━━━ DATA PROVIDED ━━━

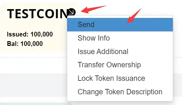 资产创建完成后,通过简单的点击操作即可实现转账、查看信息、增发或锁定资产等功能。
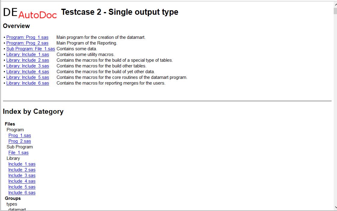 This example searches only for SAS programs and creates the documentation only for those. It is also possible to search for more than one extension, by separating them by commas, as in the next example.
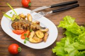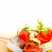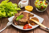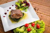 W plasterkach wołowiny wyprażać na toast, sera, bazylia, jagody, śliwki i Sos holenderski. Restauracja dostaw drewniane tła. Widok z góry. Szczelnie-do góry
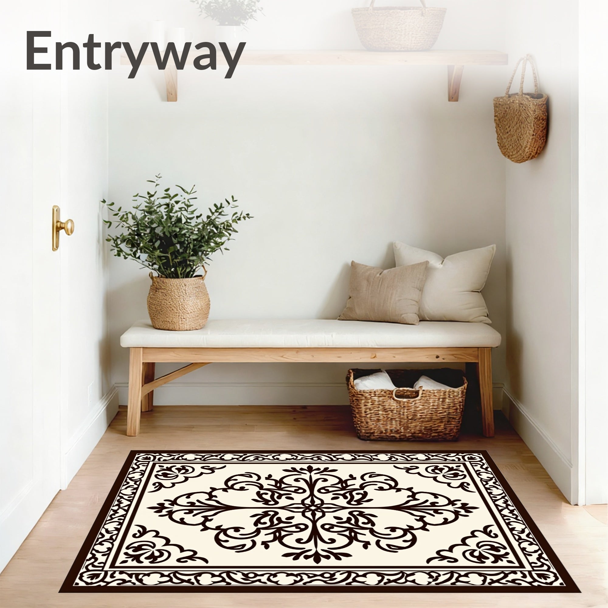 Flatwoven High Traffic Area Rug, Elegant Damask Blending Curved Flourishes and Symmetrical Accents, Non Slip, Stain Resistant, Washable Area Rugs for Living Room, Bedroom (Brown) Overview:

━━━

**WHAT THE TASK ASKS**
When you copy the data above, keep each line exact and omit the pictures.

**RESPONSE TO THE TASK**
 资产创建完成后,通过简单的点击操作即可实现转账、查看信息、增发或锁定资产等功能。
 This example searches only for SAS programs and creates the documentation only for those. It is also possible to search for more than one extension, by separating them by commas, as in the next example.
 W plasterkach wołowiny wyprażać na toast, sera, bazylia, jagody, śliwki i Sos holenderski. Restauracja dostaw drewniane tła. Widok z góry. Szczelnie-do góry
 Flatwoven High Traffic Area Rug, Elegant Damask Blending Curved Flourishes and Symmetrical Accents, Non Slip, Stain Resistant, Washable Area Rugs for Living Room, Bedroom (Brown) Overview:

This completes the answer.